Studies document a widespread epidemic of loneliness, and people talk increasingly about socioeconomic and political bubbles. Many of the core institutions that once bound communities, from religious congregations to service clubs to fraternal orders, now face existential threats. At the same time, more tolerant communities have allowed previously marginalized groups to grow more public and vibrant.
Where do we go to interact with those different from ourselves and make unusual connections? And how do new communities of choice come into being? Our newest series, “Finding Community,” explores the evolution of community through first-person stories. The first entry comes from CityLab contributor Feargus O’Sullivan, who took an evening class to seek a fresh sense of community in his home city of London. What he found was a diverse group of his fellow Londoners that helped him see the city and his neighbors in a different light:
Every day in a city, we brush past people with different backgrounds and outlooks to our own. To sit with each other and really focus hard on expressing and understanding each other’s experiences, however, that’s something completely different. By encouraging me to focus hard on both practicing and accepting others’ empathy—that state that stands poised in the doorway between detached sympathy and direct identification—it really got under my skin.

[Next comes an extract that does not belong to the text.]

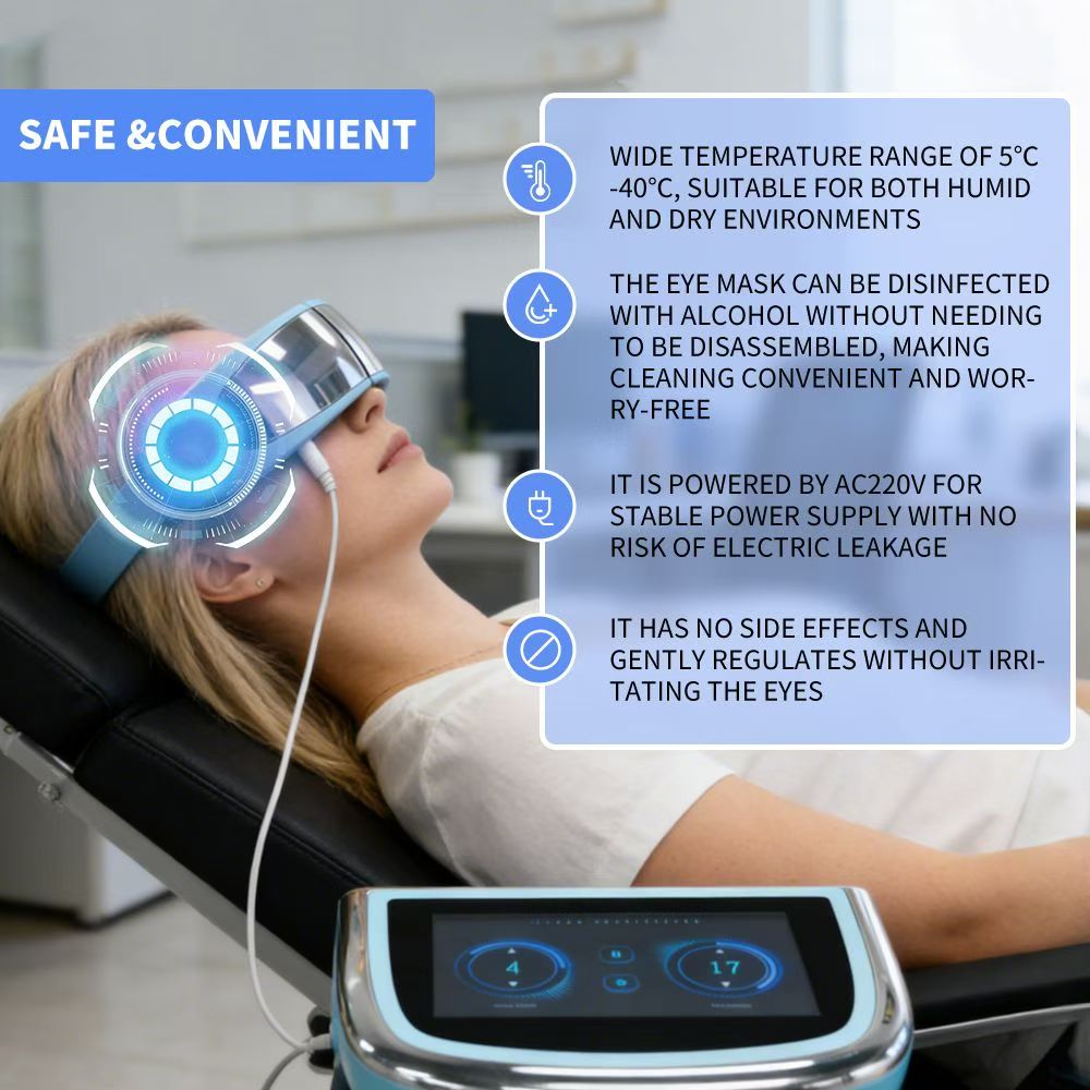 1. Alpha Wave Technology The device uses specific alpha wave frequencies to mimic the natural relaxation state of your brain. It calms overstimulated visual nerves, eases mental tension, and helps improve sleep quality — perfect for anyone who struggles with eye strain that keeps them up at night.

Readers, we want to hear your stories, too. If you have a contender for a future Finding Community piece, drop us a line at email@example.com.
More on CityLab
What We’re Reading
The bipartisan cry of “not in my backyard” (New York Times)
Michigan official charged with manslaughter over Flint deaths (AP)
EPA’s new coal pollution rule will lead to more deaths, according to the agency (New York Times)
Millennials living with disabilities are at the sharpest end of the housing crisis (The Guardian)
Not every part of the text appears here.